--- MATERIAL SUPPLIED ---

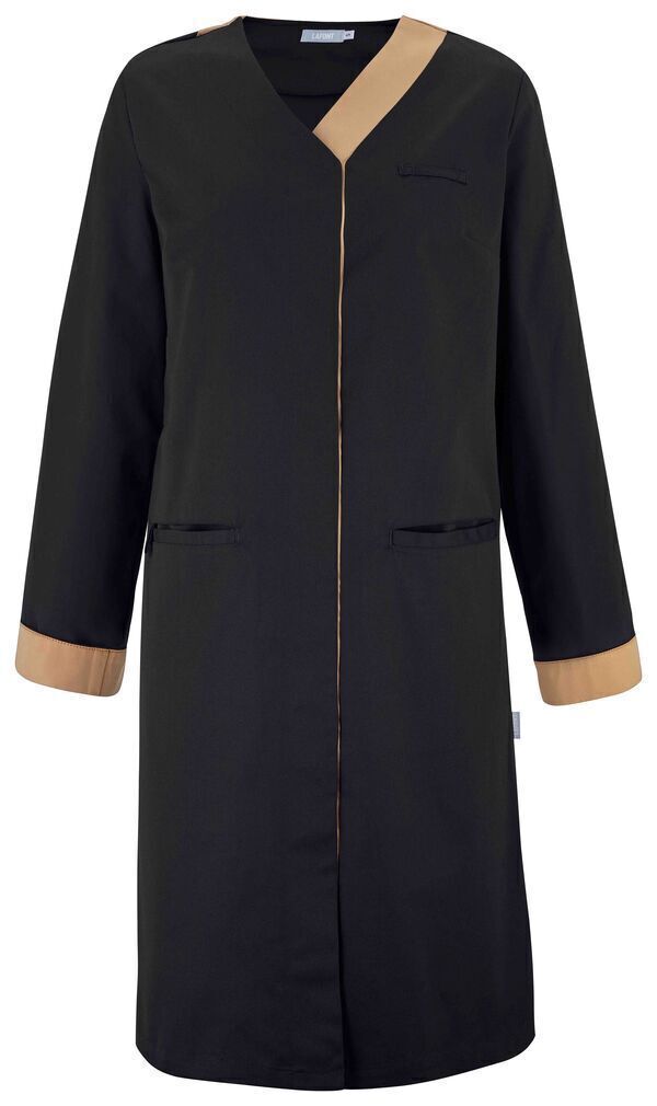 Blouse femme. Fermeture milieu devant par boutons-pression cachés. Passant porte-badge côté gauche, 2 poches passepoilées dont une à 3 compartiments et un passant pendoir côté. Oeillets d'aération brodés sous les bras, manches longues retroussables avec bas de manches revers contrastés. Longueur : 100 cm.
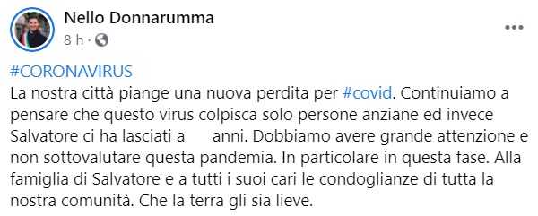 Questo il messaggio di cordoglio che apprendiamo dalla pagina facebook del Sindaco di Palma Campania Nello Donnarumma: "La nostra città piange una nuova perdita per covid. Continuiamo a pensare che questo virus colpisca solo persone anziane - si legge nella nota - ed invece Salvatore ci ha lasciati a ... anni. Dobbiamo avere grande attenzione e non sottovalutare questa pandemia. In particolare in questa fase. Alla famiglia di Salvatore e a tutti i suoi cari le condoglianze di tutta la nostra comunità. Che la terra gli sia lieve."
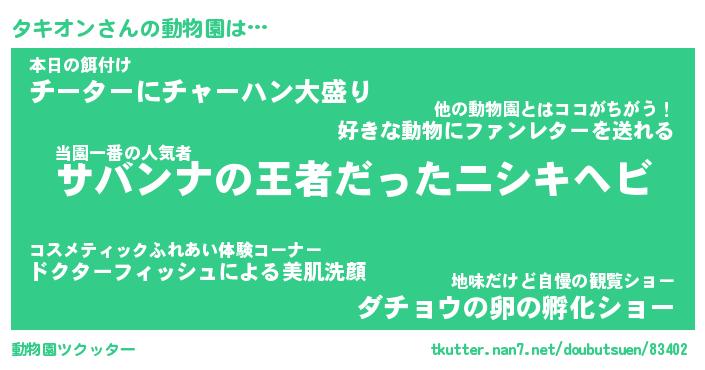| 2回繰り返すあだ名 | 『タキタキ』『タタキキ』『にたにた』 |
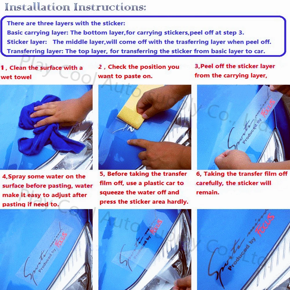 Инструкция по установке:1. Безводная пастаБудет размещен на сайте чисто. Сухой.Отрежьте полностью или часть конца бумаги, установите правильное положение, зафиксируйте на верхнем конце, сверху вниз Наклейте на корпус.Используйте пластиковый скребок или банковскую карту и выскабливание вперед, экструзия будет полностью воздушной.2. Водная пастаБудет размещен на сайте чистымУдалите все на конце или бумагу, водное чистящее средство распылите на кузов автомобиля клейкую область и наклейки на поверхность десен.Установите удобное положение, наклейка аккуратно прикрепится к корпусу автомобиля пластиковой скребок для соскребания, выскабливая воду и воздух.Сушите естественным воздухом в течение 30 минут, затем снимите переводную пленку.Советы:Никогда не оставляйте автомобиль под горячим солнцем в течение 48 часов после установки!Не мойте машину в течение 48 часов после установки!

---
--- MATERIAL SUPPLIED ---

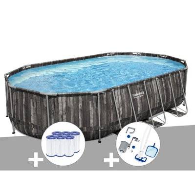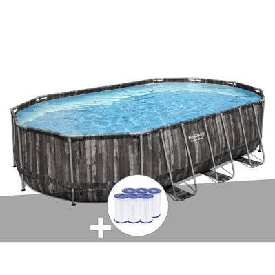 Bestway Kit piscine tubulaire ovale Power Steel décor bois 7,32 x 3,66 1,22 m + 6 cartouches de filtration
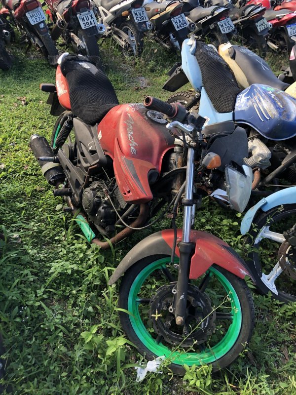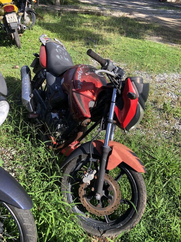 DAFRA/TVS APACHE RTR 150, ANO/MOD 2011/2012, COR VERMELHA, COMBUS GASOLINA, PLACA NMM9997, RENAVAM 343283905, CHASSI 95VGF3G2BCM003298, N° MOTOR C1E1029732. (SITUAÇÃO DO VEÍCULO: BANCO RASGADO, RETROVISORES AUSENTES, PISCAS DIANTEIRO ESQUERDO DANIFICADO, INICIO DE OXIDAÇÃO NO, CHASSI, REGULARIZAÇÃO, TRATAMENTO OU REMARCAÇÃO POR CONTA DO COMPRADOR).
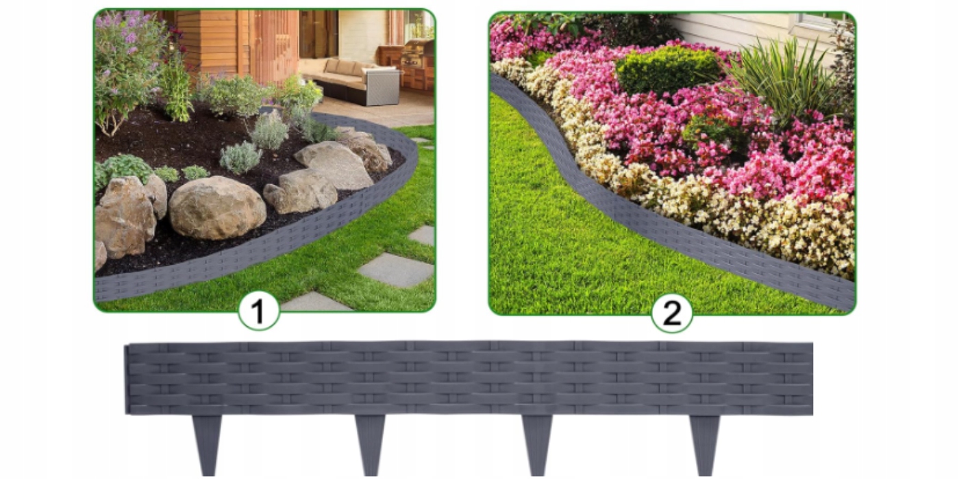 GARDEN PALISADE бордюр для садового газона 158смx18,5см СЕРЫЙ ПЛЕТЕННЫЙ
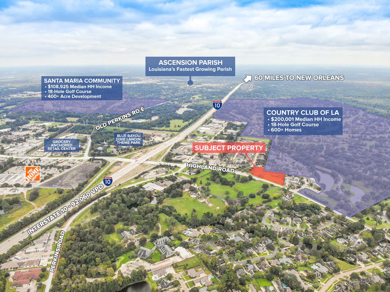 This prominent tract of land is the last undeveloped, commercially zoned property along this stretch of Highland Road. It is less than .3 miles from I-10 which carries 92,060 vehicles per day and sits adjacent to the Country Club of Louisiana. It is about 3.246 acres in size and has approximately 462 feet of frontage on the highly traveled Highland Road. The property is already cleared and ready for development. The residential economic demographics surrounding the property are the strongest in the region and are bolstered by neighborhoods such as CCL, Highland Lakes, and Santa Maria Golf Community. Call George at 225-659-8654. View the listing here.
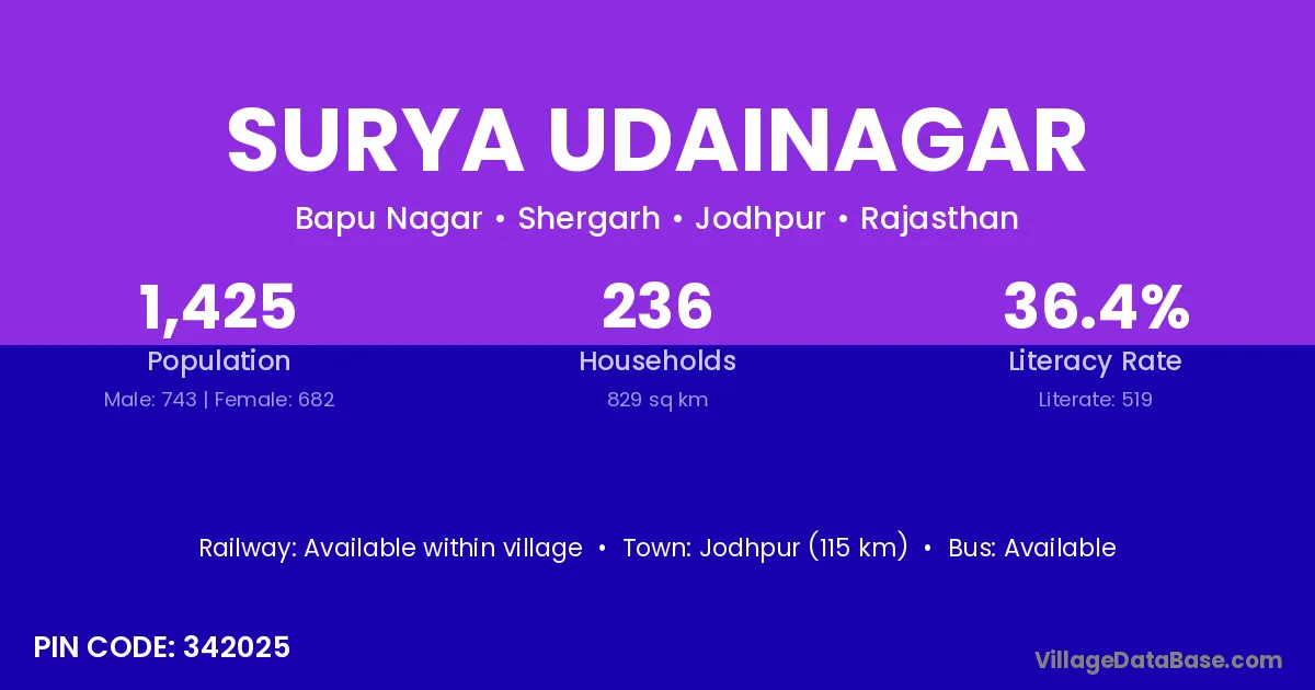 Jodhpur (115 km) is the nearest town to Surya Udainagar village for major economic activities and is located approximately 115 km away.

---

● **WHAT IS BEING ASKED**
Nothing but the lines above, starting at the line that contains "DAFRA/TVS APACHE RTR" and ending at the line that contains "Jodhpur (115 km)", should be given again, exactly and without the pictures.

● **ANSWER SPACE**
 DAFRA/TVS APACHE RTR 150, ANO/MOD 2011/2012, COR VERMELHA, COMBUS GASOLINA, PLACA NMM9997, RENAVAM 343283905, CHASSI 95VGF3G2BCM003298, N° MOTOR C1E1029732. (SITUAÇÃO DO VEÍCULO: BANCO RASGADO, RETROVISORES AUSENTES, PISCAS DIANTEIRO ESQUERDO DANIFICADO, INICIO DE OXIDAÇÃO NO, CHASSI, REGULARIZAÇÃO, TRATAMENTO OU REMARCAÇÃO POR CONTA DO COMPRADOR).
 GARDEN PALISADE бордюр для садового газона 158смx18,5см СЕРЫЙ ПЛЕТЕННЫЙ
 This prominent tract of land is the last undeveloped, commercially zoned property along this stretch of Highland Road. It is less than .3 miles from I-10 which carries 92,060 vehicles per day and sits adjacent to the Country Club of Louisiana. It is about 3.246 acres in size and has approximately 462 feet of frontage on the highly traveled Highland Road. The property is already cleared and ready for development. The residential economic demographics surrounding the property are the strongest in the region and are bolstered by neighborhoods such as CCL, Highland Lakes, and Santa Maria Golf Community. Call George at 225-659-8654. View the listing here.
 Jodhpur (115 km) is the nearest town to Surya Udainagar village for major economic activities and is located approximately 115 km away.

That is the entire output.